By: anon.1 (, December 25, 2018 8:14 pm
Room: Moderated Discussions
Travis Downs ( on December 25, 2018 3:41 pm wrote:
> Wilco ( on December 22, 2018 10:24 am wrote:
> > > The result of the load doesn't need to participate in renaming
> > > in the same way because it is not architecturally
> > > visible and doesn't persist beyond the instruction. It just needs to get from the load to the single op
> > > that will ever consume it, which is a different problem and likely off the critical path.
> >
> > You could special case it since no other instruction needs to read the renamed register.
> > But other than that it's like any other destination that needs to be renamed.
> I don't agree.
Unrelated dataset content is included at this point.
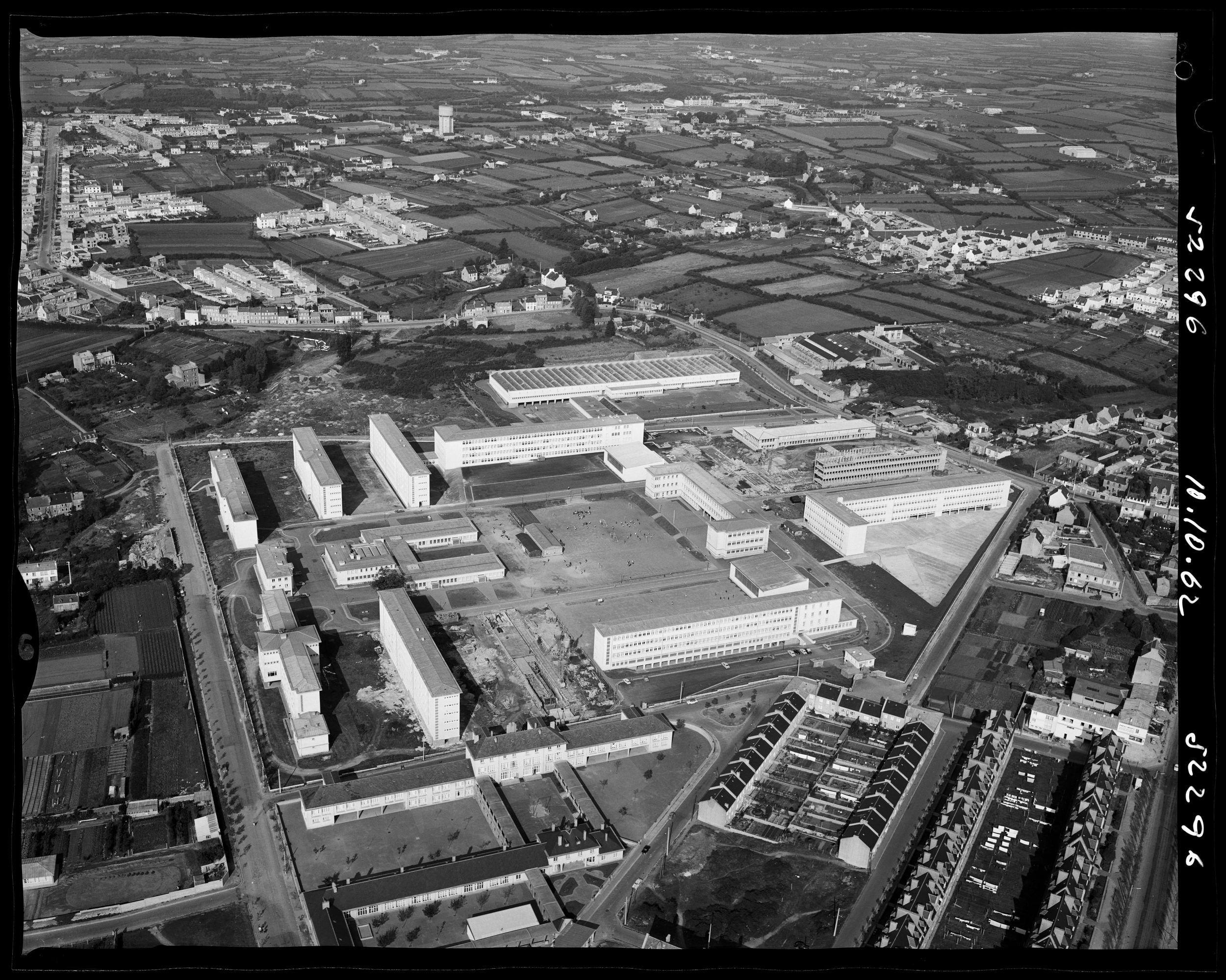 Vue aérienne de la cité scolaire quasi achevée, le 10/10/1962. Une des barres d'externat du collège technique féminin, actuel lycée Lesven, et au premier plan, une barre d'internat, sont en cours de construction. Jean-Baptiste Mathon, architecte.Immatriculation

In fact, it occurs to me that you don't even need the temporary register:
> both halves of the operation can use the same physical register: the load goes into the
> register, and the operation executes against it and updates it. There are no intermediate
> operations so nothing needs to see the state after the load but before the op.
> However it is implemented, it is fairly clear to me that in practice on x86
> (and I suspect other archs as well although I am less familiar) the lack of
> a second output register lets these pairs be renamed efficiently as a unit.
> The alternative view is that somehow the renamer is capable of renaming two-destination
> operations, but only in the special case of fused load ops and they somehow don't expand
> that functionality to other two-destination instructions. That seems ... unlikely.
> > As is the flags register.
> Yes, flags have to be renamed, but does it matter here?
> In any case, one strategy to rename flags, which I believe is used on modern Intel x86, is simply to
> extend each physical register to hold the set of flags bits in addition to the reg data, so any instruction
> which has a destination register (almost all of them) uses the same physical register to hold the flags
> which result from the operation as well. The renamer tracks in-order which flags map to which physical
> register (it's often more than one on x86 because of instructions which write to a subset of flags),
> and adds as input the correct reg(s) for any instruction which consumes flags.
> So using that method supporting flags isn't much harder than regular renaming
> on the write side (since you are already generally allocating a physical register
> for the destination), and acts like another input on the read side.
> > All instructions must be renamed either way. Early cracking means more micro ops to
> > rename, so throughput is simply lower. Now you could widen rename, but that has a
> > high cost. A cheaper approach is to add support for a 2nd destination register.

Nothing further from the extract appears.